Мы молча переглянулись, Катсу горестно швырнул палочки на стол:

— Да хорош!

— Вот же… — поник Маса в плечах. — Разве можно так издеваться?..

Я стыдливо опустил глаза, понял, откуда это непоколебимое безразличие, и, представив чувства Като, готов был продолжить свой ночной челлендж по выжиманию из себя соплей. Блондин просто скотина. Даже сомнений не возникало, что сделал это именно он. И, судя по развитию событий, теперь все наши потуги в гараже будут идти коту под хвост ровно до тех пор, пока я не начну делать то, что мне скажут.

Подстегиваемый диким чувством вины, я выполз из-за стола и с намерением все исправить, двинул к неадеквату, беспрекословно выполнять все его требования.
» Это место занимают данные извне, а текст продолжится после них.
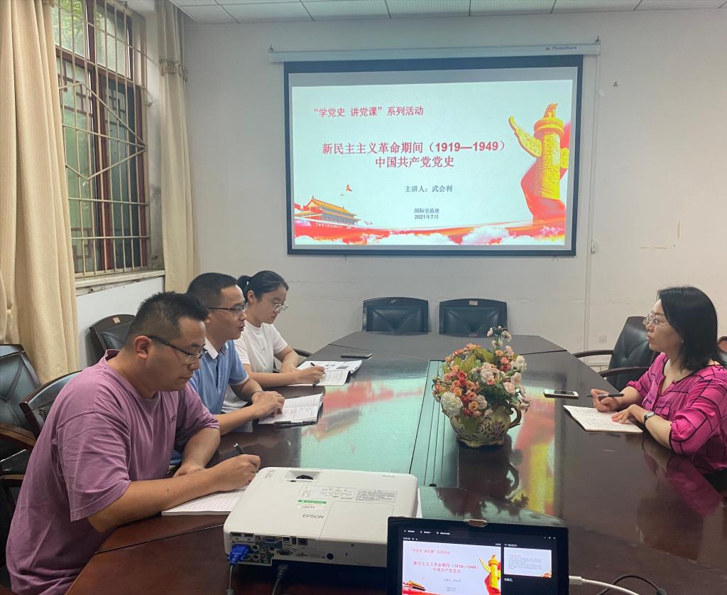 (通讯员钟伟)7月8日下午,国际交流处党支部组织开展“学党史、知党史、讲党史”支部成员讲党课系列活动。支部成员武会利以《新民主主义革命期间(1919-1949)中国共产党党史》为题,为支部全体党员上了一堂精彩生动的党课,带领大家重温新民主主义革命历史,汲取奋进力量。

Через сорок минут физиономия блондина образовалась передо мной физически, а не в мечтах. Хотелось приложить к ней свой кулак, а лучше ногу, но в связи с отсутствием у меня врожденной гибкости и сил на то, чтобы в принципе дышать, просто с трудом проговорил:

— Это ведь твоих рук дело, да?

— Что именно?

— Фестиваль. Ему поэтому перезвонили?

Сеито обвел меня долгим ничего не выражающим взглядом, закусил щеку с внутренней стороны и, не сказав ни слова, прошел к стойке, позволяя мне войти. Взял похожий на мятое стекло низкий стакан с потерявшими форму льдинками и, плеснув медового цвета жидкости на дно, сделал глоток. Опустился на барный стул, протянув с наглецой в голосе:

— Выглядишь паршиво.

Я захлопнул дверь.

— Можешь нас вернуть? Еще ведь не поздно?

Виски заискрилось в лучах солнечного света, блондин щурясь уставился в панорамное окно.

— Могу. Сразу рассчитаешься?

— Мм, — без колебаний кивнул я, даже не сомневаясь в постоянстве этой скотины и готовый расплачиваться за свои ошибки по всем счетам. Жаль, что главной из них, как это ни печально, было мое существование.

— Снова готовился?

— Нет.

— Значит, будет грязно и больно, — заключил Сеито без малейшего сочувствия, посмотрев на меня с вызовом, и я, стараясь себе этого не представлять, снова утвердительно промычал.

Раскладушка блондина открылась с выразительным щелчком, напоминающем о долгих годах службы своему хозяину, кнопки защелкали с характерным раздражающим звуком. А дальше я слушал долгий с матом разговор. Сеито ходил вдоль дивана, заливал в себя виски, обессиленно плюхался на кровать, снова вставал, выходил на террасу и выражался там особенно сочно, возвращался, сжимал зубы, крутил в орбитах глазами и сдерживал очередной мат, продолжая пытать оппонента. Трубка не поддавалась.

— …мне плевать, что ты думаешь. Пришло мое время ставить условия. Я сосал, когда тебе это было надо? Сосал. Сейчас твоя очередь идти мне навстречу…

Чем дольше он говорил, тем больше сомнений прокрадывалось в мою голову. Разве он не должен был подстраховаться и придержать наше место, на случай если я всё-таки приду? Это же логично. Я выполняю его условия, он возвращает все на круги своя. А теперь из-за всего лишь одной мелкой ошибки ему приходится ради какой-то никчемной группки отказываться от собственного выхода на сцену? Разве он не подтвердил, что это его рук дело? Я поковырялся в мозгах и, кажется, понял, а он ведь не подтвердил…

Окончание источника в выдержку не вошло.